→ **Task requirements**
Set down all of the data exactly. Pictures stay out of the copy.

→ **Provided records**

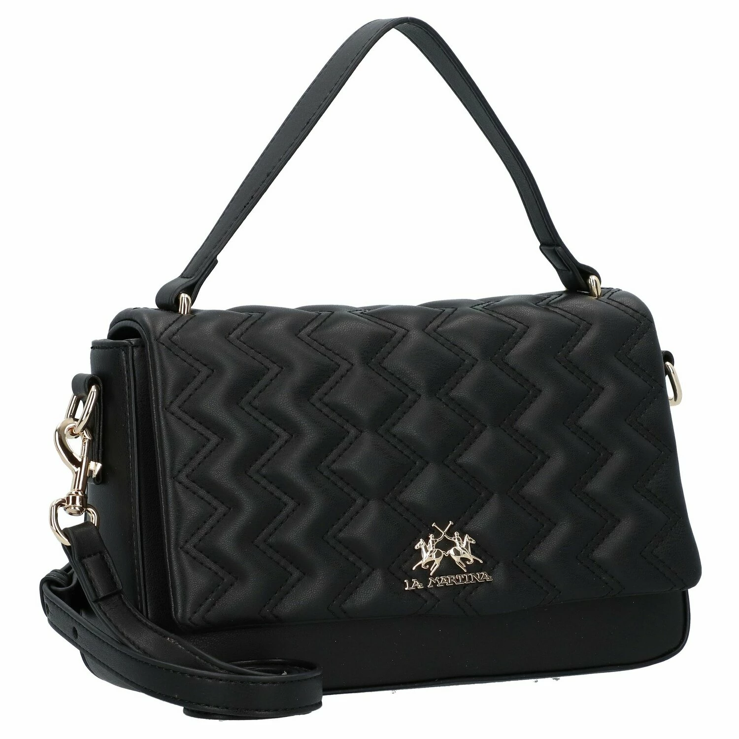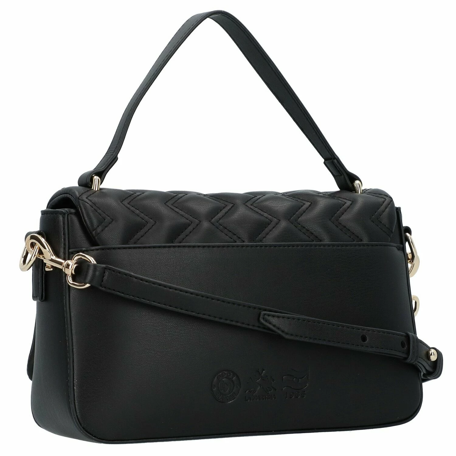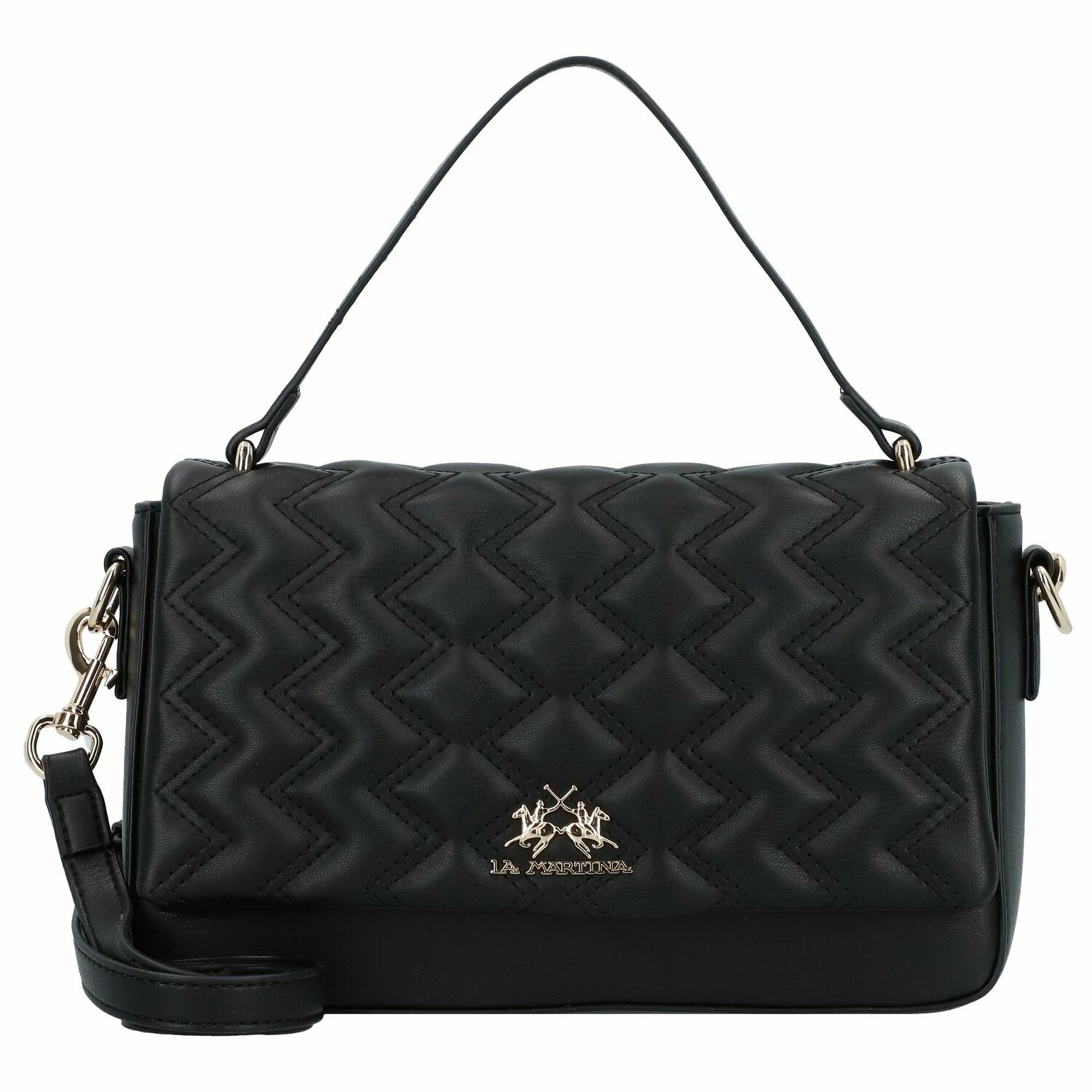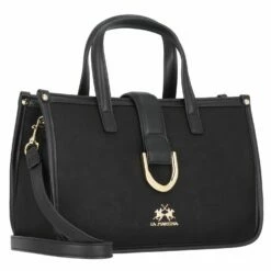 Elegante, formschöne Henkelasche von La Martina mit dem für die Marke bekannten Polo-Emblem auf der Frontseite. Die geräumigen Hauptfächer, diverse Fächer für bessere Organisation und der abnehmbare Umhängeriemen machen diese Tasche vielseitig einsetzbar, sei es fürs Büro oder den nächsten Ausflug in die City.
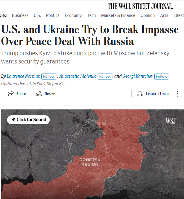 Un punct al documentului prevede textul: „Crimeea, Luhansk și Donețk sunt de facto recunoscute ca fiind rusești; Herson și Zaporijie de-a lungul liniei de contact sunt înghețate. Rusia renunță la alte teritorii convenite. Ucraina se retrage din partea Donețkului pe care o controlează, care este demilitarizată și recunoscută pe plan internațional ca fiind rusească.”
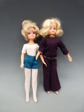 Six dolls, including two Sindy dolls, bisque jointed baby marked 'ABW', French celluloid boy doll marked '& Depose', Polish wooden doll and another
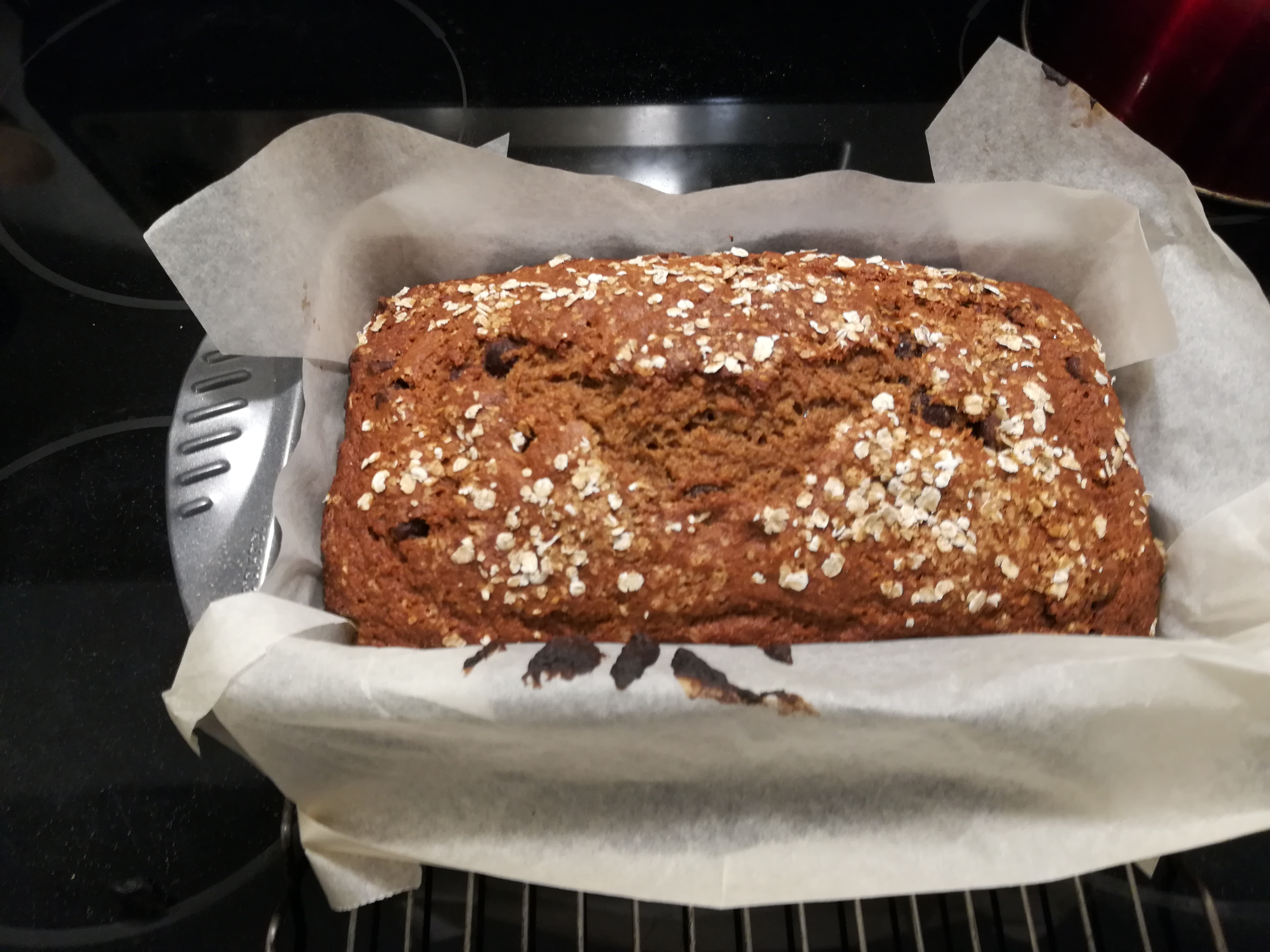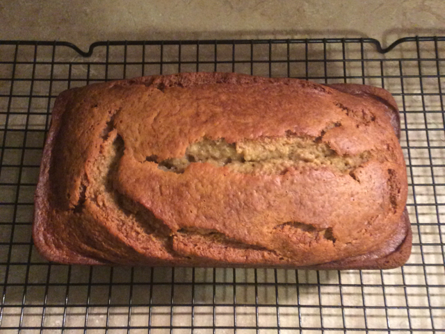 4 bananas, ripe 1 cup sugar 1?2 cup applesauce 1 teaspoon vanilla extract 2 eggs 1 teaspoon baking soda 1 tablespoon baking powder 1 teaspoon salt 2 cups flour
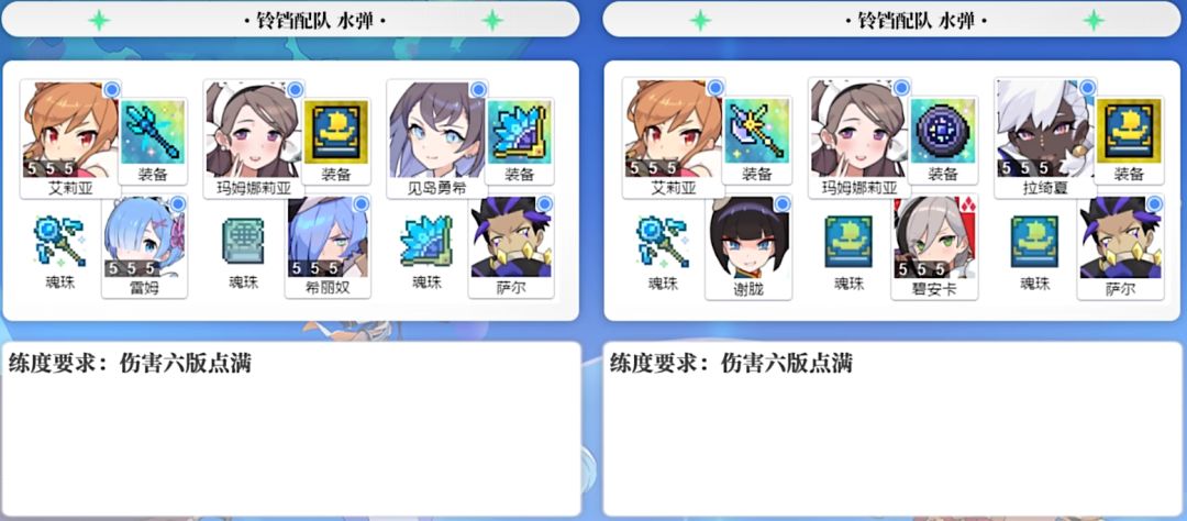 铃铛队伍的话相较于速刷则更需要注重生存能力了(不过有水大奶的队伍明显生存能力不差的),由于目前水属性其它体系仍旧处于“未来可欺”的的状态,所以铃铛方面依旧更推荐水技伤体系的相关队伍。
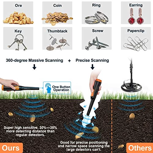 The long neck of the detector for massive 360-degree searching and the detector pinpoint for precise locating. The sensitivity has been increased by around 35% than a regular metal detector, which means 35% more possibility to find treasures.
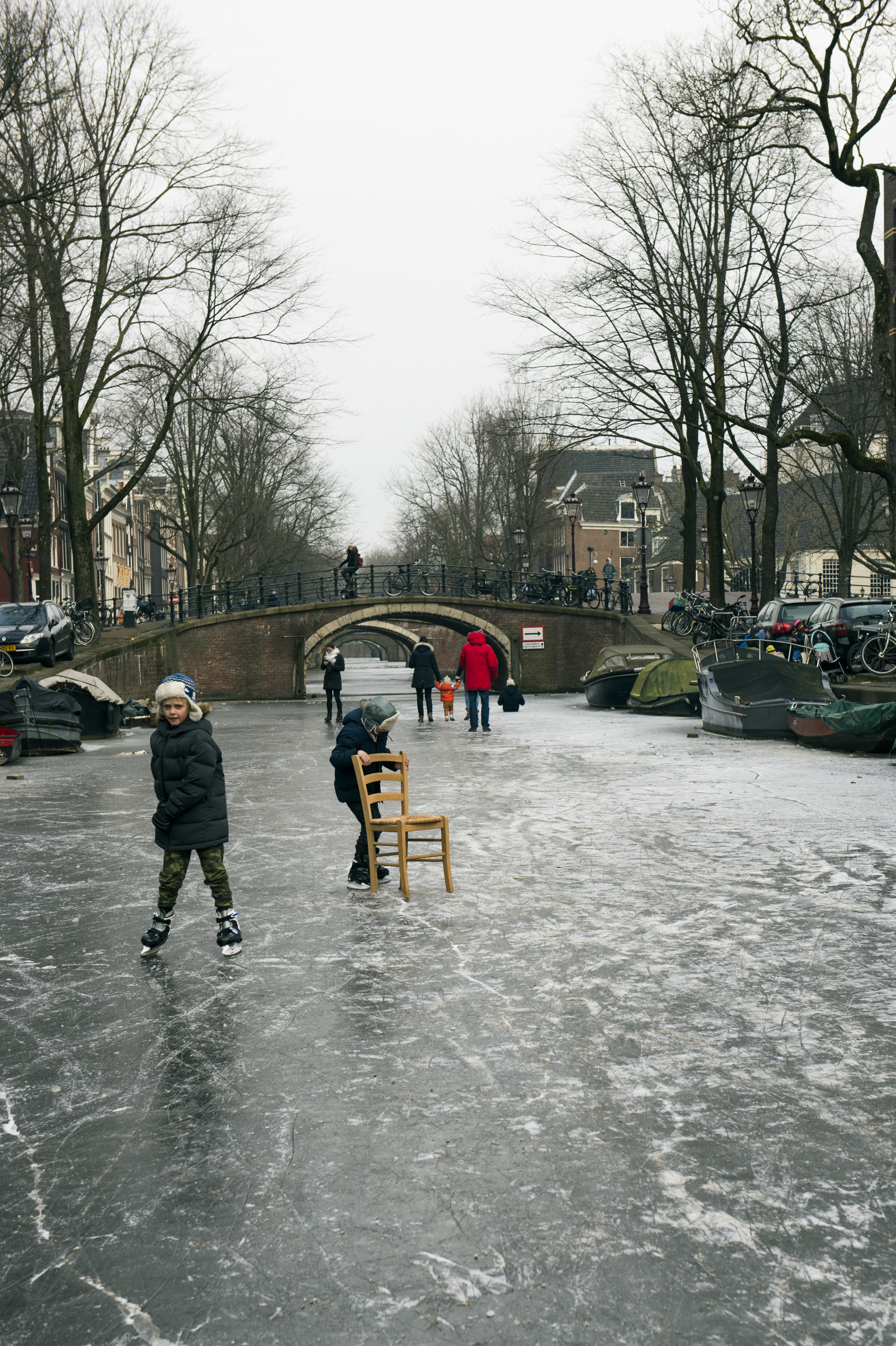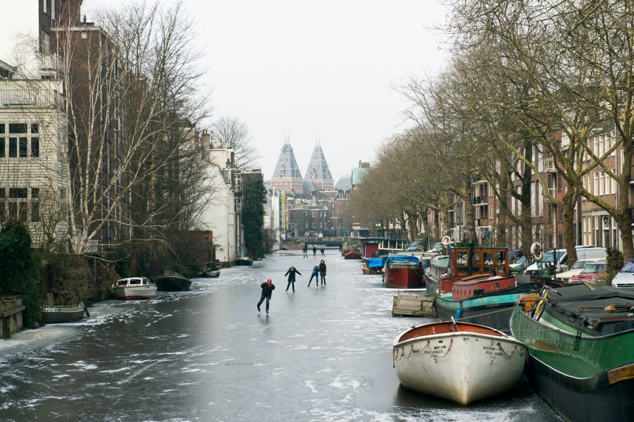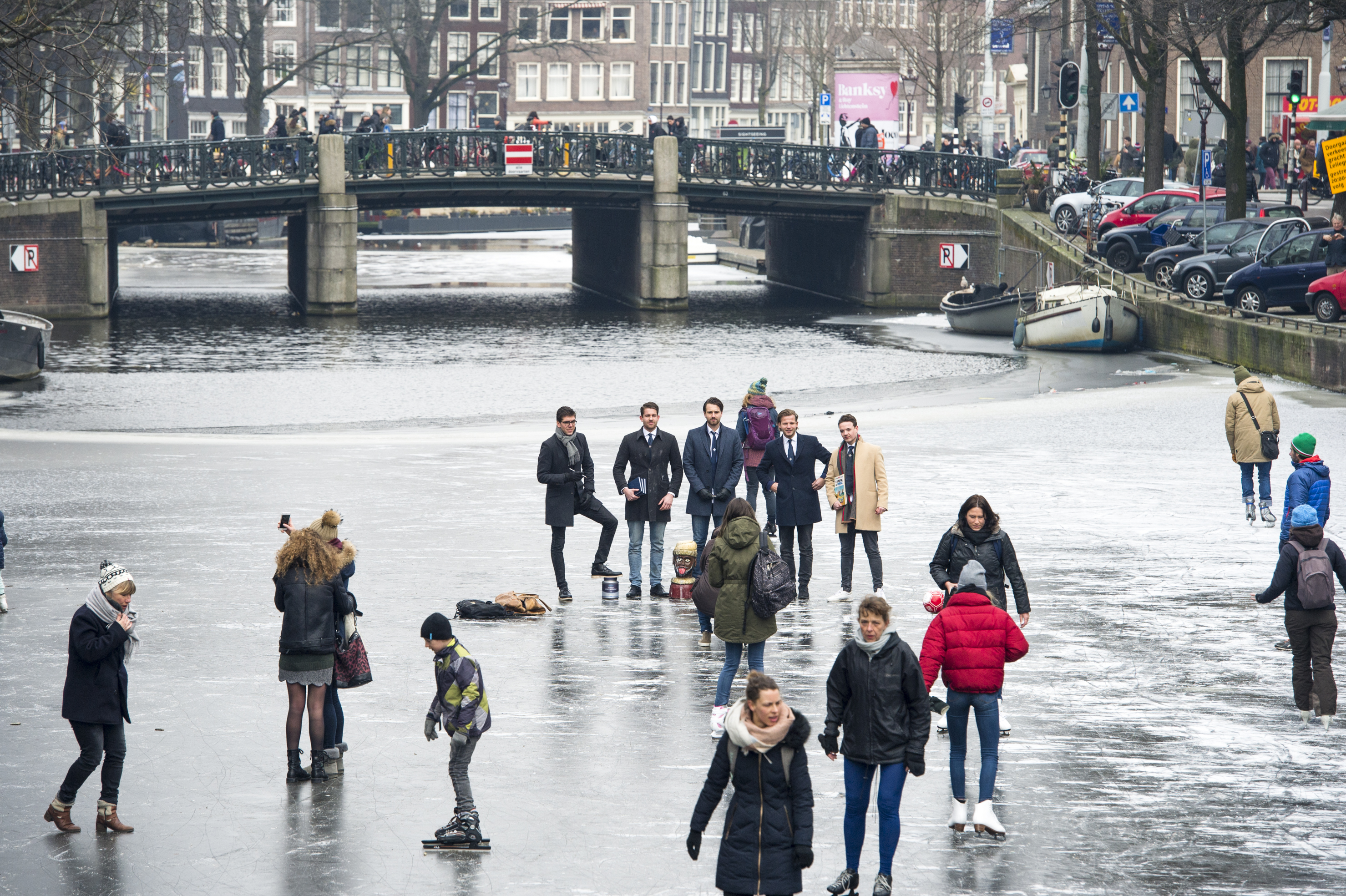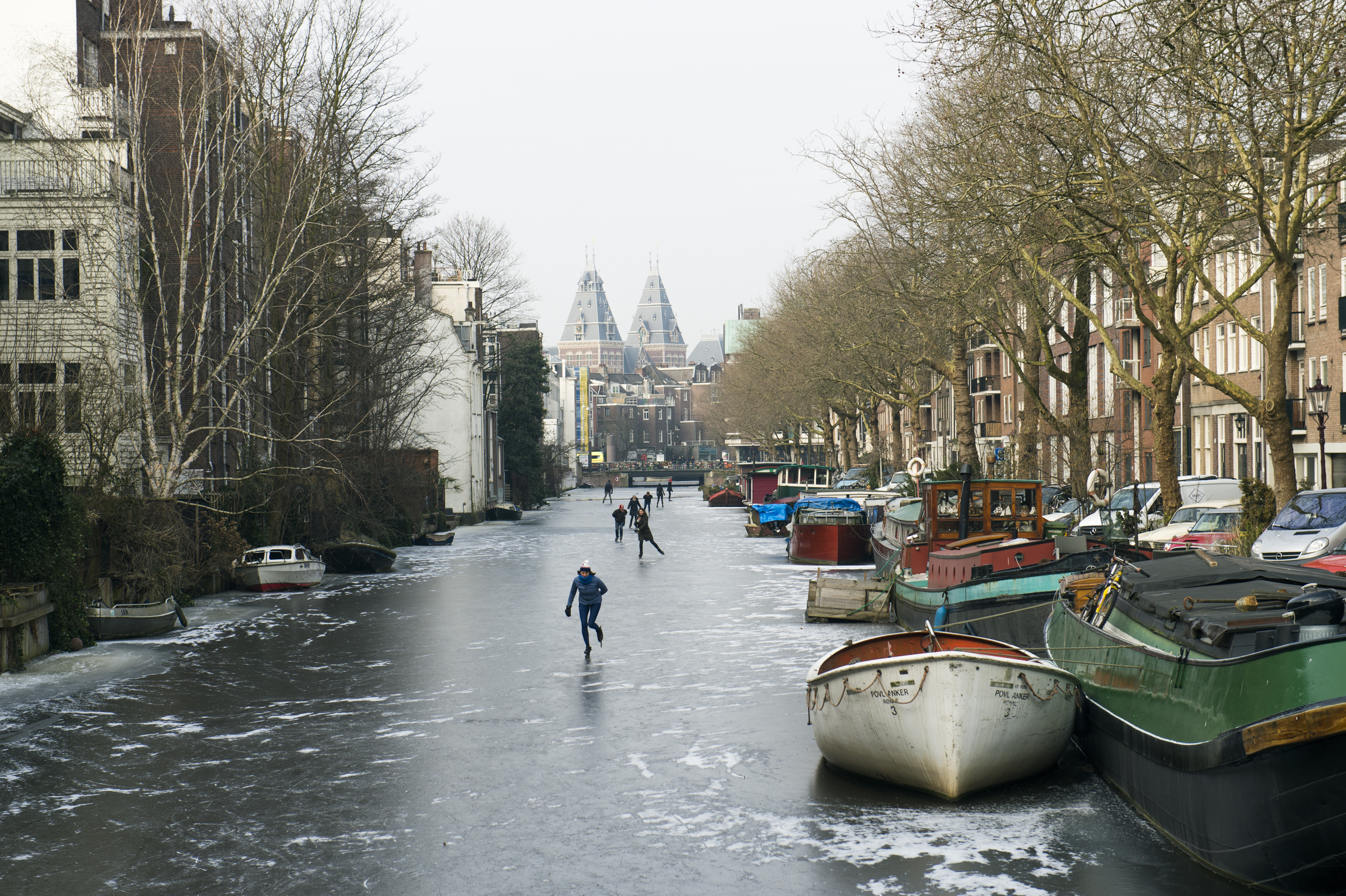 そんな努力のお陰で、プリンセン運河の一部を始め各所に厚い氷が張り、街中がスケートリンクに変身。こんな風にアムステルダムの運河が凍ったのは6年ぶりだ。
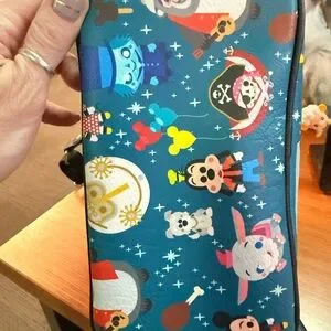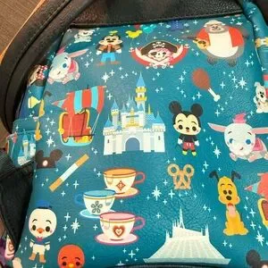Playful mini backpack with colorful Disney character print. Teal blue base with vibrant multicolor icons. Gold-tone zipper accents. Fun park-themed design perfect for fans.
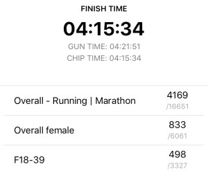 So I finished with a chip time of 4 hours 15 minutes, and my gun time was 4 hours 22 minutes.  I originally wanted sub 3:45 and Good For Age (GFA) for the London Marathon.  At the start of my journey, I really thought, if you put in all the work, you would get the result you wanted.  But as training progressed I realised that these longer distances were new to me, and I had to dial back my expectations a bit.  I didn’t want to get injured, and I read Hal Higdon’s Marathon book last year, and I knew I wanted to make it to the start line healthy and ready to run.
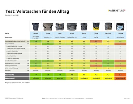 Die Schweiz fährt Velo. Vergangenes Jahr gingen über eine halbe Million neue Drahtesel in den Verkauf, so viele wie noch nie. Der Kassensturz hat nun Velotaschen von acht Herstellern auf ihre Tauglichkeit im Alltag testen lassen. Fazit: Die Hälfte davon schneidet gut bis sehr gut ab.

→ **Task response**
 Elegante, formschöne Henkelasche von La Martina mit dem für die Marke bekannten Polo-Emblem auf der Frontseite. Die geräumigen Hauptfächer, diverse Fächer für bessere Organisation und der abnehmbare Umhängeriemen machen diese Tasche vielseitig einsetzbar, sei es fürs Büro oder den nächsten Ausflug in die City.
 Un punct al documentului prevede textul: „Crimeea, Luhansk și Donețk sunt de facto recunoscute ca fiind rusești; Herson și Zaporijie de-a lungul liniei de contact sunt înghețate. Rusia renunță la alte teritorii convenite. Ucraina se retrage din partea Donețkului pe care o controlează, care este demilitarizată și recunoscută pe plan internațional ca fiind rusească.”
 Six dolls, including two Sindy dolls, bisque jointed baby marked 'ABW', French celluloid boy doll marked '& Depose', Polish wooden doll and another
 4 bananas, ripe 1 cup sugar 1?2 cup applesauce 1 teaspoon vanilla extract 2 eggs 1 teaspoon baking soda 1 tablespoon baking powder 1 teaspoon salt 2 cups flour
 铃铛队伍的话相较于速刷则更需要注重生存能力了(不过有水大奶的队伍明显生存能力不差的),由于目前水属性其它体系仍旧处于“未来可欺”的的状态,所以铃铛方面依旧更推荐水技伤体系的相关队伍。
 The long neck of the detector for massive 360-degree searching and the detector pinpoint for precise locating. The sensitivity has been increased by around 35% than a regular metal detector, which means 35% more possibility to find treasures.
 そんな努力のお陰で、プリンセン運河の一部を始め各所に厚い氷が張り、街中がスケートリンクに変身。こんな風にアムステルダムの運河が凍ったのは6年ぶりだ。
Playful mini backpack with colorful Disney character print. Teal blue base with vibrant multicolor icons. Gold-tone zipper accents. Fun park-themed design perfect for fans.
 So I finished with a chip time of 4 hours 15 minutes, and my gun time was 4 hours 22 minutes.  I originally wanted sub 3:45 and Good For Age (GFA) for the London Marathon.  At the start of my journey, I really thought, if you put in all the work, you would get the result you wanted.  But as training progressed I realised that these longer distances were new to me, and I had to dial back my expectations a bit.  I didn’t want to get injured, and I read Hal Higdon’s Marathon book last year, and I knew I wanted to make it to the start line healthy and ready to run.
 Die Schweiz fährt Velo. Vergangenes Jahr gingen über eine halbe Million neue Drahtesel in den Verkauf, so viele wie noch nie. Der Kassensturz hat nun Velotaschen von acht Herstellern auf ihre Tauglichkeit im Alltag testen lassen. Fazit: Die Hälfte davon schneidet gut bis sehr gut ab.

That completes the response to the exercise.